Financial Services Minister Hakuo Yanagisawa said Tuesday he is seeking reports from four pro-Pyongyang credit unions to be created to take over six failed ones, on their relations with the pro-Pyongyang General Association of Korean Residents in Japan (Chongryon).

“We are asking them to report to us on whether there is any evidence that runs counter to their corporate charter,” Yanagisawa told a news conference.

The four credit unions, or “chogin,” are required to adopt a corporate charter that pledges to sever ties with Chongryon before they receive the Japanese government’s financial help in taking over the failed chogin, which are at the center of allegations of fund diversions to North Korea.

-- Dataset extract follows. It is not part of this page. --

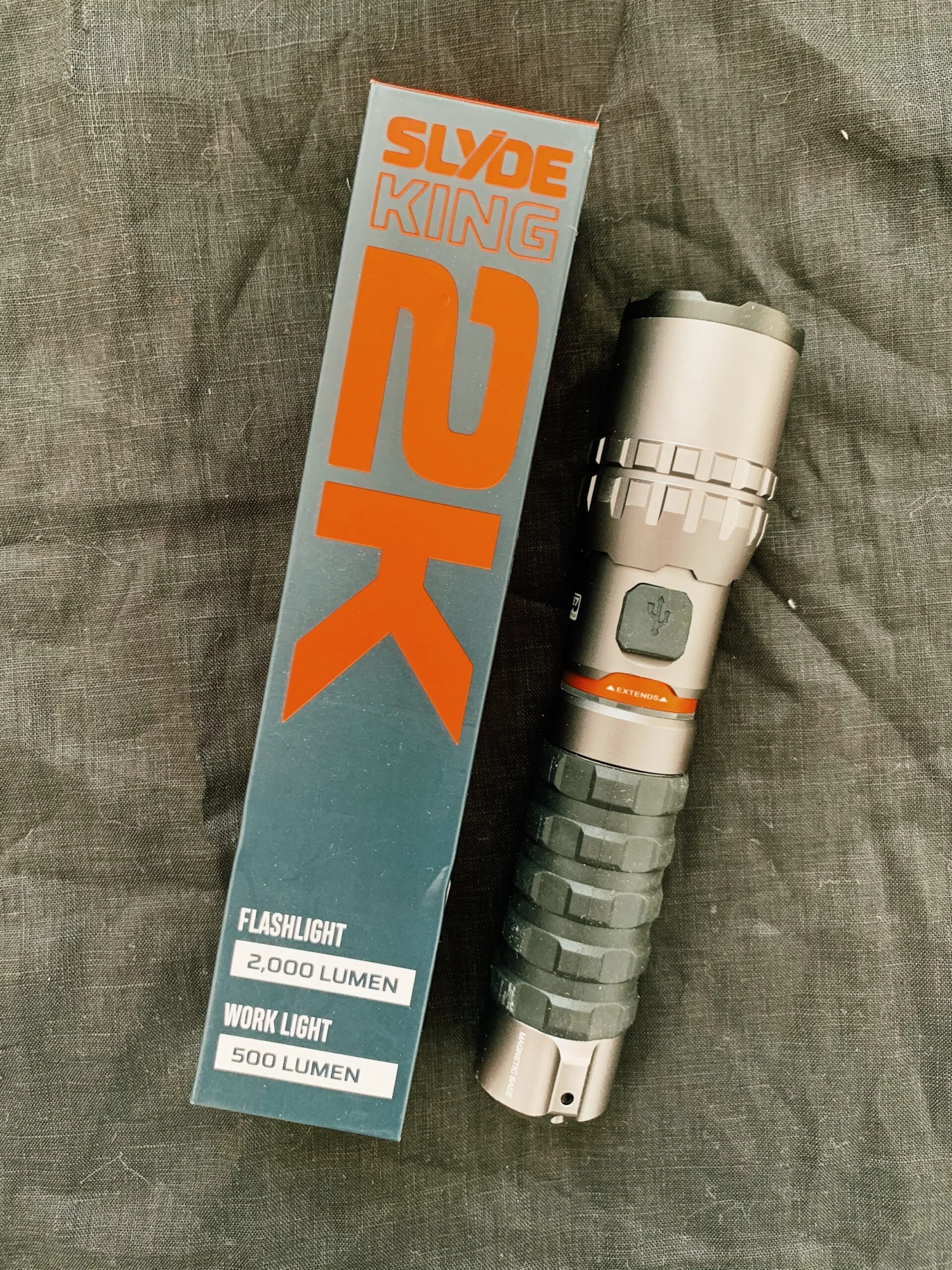 New and improved, and still the KING. Rechargeable, waterproof (IP67) and extremely versatile, the SLYDE KING 2K features a 2,000 lumen flashlight with 4x zoom, and a 500 lumen C•O•B work light. Each light mode is dimmable with programmable memory. The SLYDE KING 2K also has an ergonomic rubberized grip and powerful magnetic base.

The Financial Services Agency suspects that Chongryon used the chogin to channel money to North Korea through means such as opening bogus deposit accounts.

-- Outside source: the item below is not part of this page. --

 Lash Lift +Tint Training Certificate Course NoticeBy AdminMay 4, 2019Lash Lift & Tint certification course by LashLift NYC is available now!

FSA investigators say they have uncovered numerous fictitious deposit accounts suspected of having been used to divert funds to North Korea.

Yanagisawa said the government will make the decision on financial help after it sees the reports from the chogin.

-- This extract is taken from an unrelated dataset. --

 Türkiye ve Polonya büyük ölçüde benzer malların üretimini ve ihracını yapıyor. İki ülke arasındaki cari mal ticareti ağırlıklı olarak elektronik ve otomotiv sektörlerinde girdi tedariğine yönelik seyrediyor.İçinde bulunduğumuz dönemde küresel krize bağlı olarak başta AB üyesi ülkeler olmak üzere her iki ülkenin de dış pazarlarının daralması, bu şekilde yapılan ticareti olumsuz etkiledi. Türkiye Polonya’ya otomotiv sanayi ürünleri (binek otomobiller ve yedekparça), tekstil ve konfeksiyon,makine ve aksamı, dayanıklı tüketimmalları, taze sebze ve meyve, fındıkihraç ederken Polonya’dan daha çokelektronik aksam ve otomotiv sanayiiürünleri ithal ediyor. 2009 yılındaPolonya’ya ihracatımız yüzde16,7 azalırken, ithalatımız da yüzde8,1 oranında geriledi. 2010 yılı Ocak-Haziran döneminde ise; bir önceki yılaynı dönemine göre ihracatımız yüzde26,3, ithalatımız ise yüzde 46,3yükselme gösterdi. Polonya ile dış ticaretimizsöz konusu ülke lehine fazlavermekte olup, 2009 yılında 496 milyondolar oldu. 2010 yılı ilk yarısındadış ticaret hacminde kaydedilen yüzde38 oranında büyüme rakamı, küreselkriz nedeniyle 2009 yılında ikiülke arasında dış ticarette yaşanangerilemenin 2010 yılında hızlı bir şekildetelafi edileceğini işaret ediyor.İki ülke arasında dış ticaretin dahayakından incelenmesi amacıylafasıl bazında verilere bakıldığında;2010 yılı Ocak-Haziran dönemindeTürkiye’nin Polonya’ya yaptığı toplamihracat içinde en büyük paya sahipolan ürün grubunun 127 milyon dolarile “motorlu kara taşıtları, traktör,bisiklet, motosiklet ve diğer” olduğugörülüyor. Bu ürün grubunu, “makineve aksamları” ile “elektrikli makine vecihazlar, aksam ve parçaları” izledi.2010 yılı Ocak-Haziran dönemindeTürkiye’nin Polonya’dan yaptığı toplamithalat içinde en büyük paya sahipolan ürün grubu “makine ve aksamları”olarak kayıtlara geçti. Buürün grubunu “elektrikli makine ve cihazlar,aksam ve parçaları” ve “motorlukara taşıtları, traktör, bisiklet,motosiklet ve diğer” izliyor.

On Nov. 28, police arrested former Chongryon executive Kang Young Kwan on suspicion he instructed top officials of Chogin Tokyo Credit Union to embezzle 830 million yen of the union’s funds.

The scandals involving chogin originated at Chogin Kinki Credit Union, which was formed in 1997 through the merger of five similar credit unions in the Kansai region.

In 1998, the state-run Deposit Insurance Corp. pumped 310 billion yen into Chogin Kinki to enable it to take over the operations of another failed credit union in Osaka and assume the duty of refunding depositors on demand.

But Chogin Kinki failed in 2000 with a negative net worth. Investigators subsequently charged executives at the union with alleged involvement in the redirection of funds.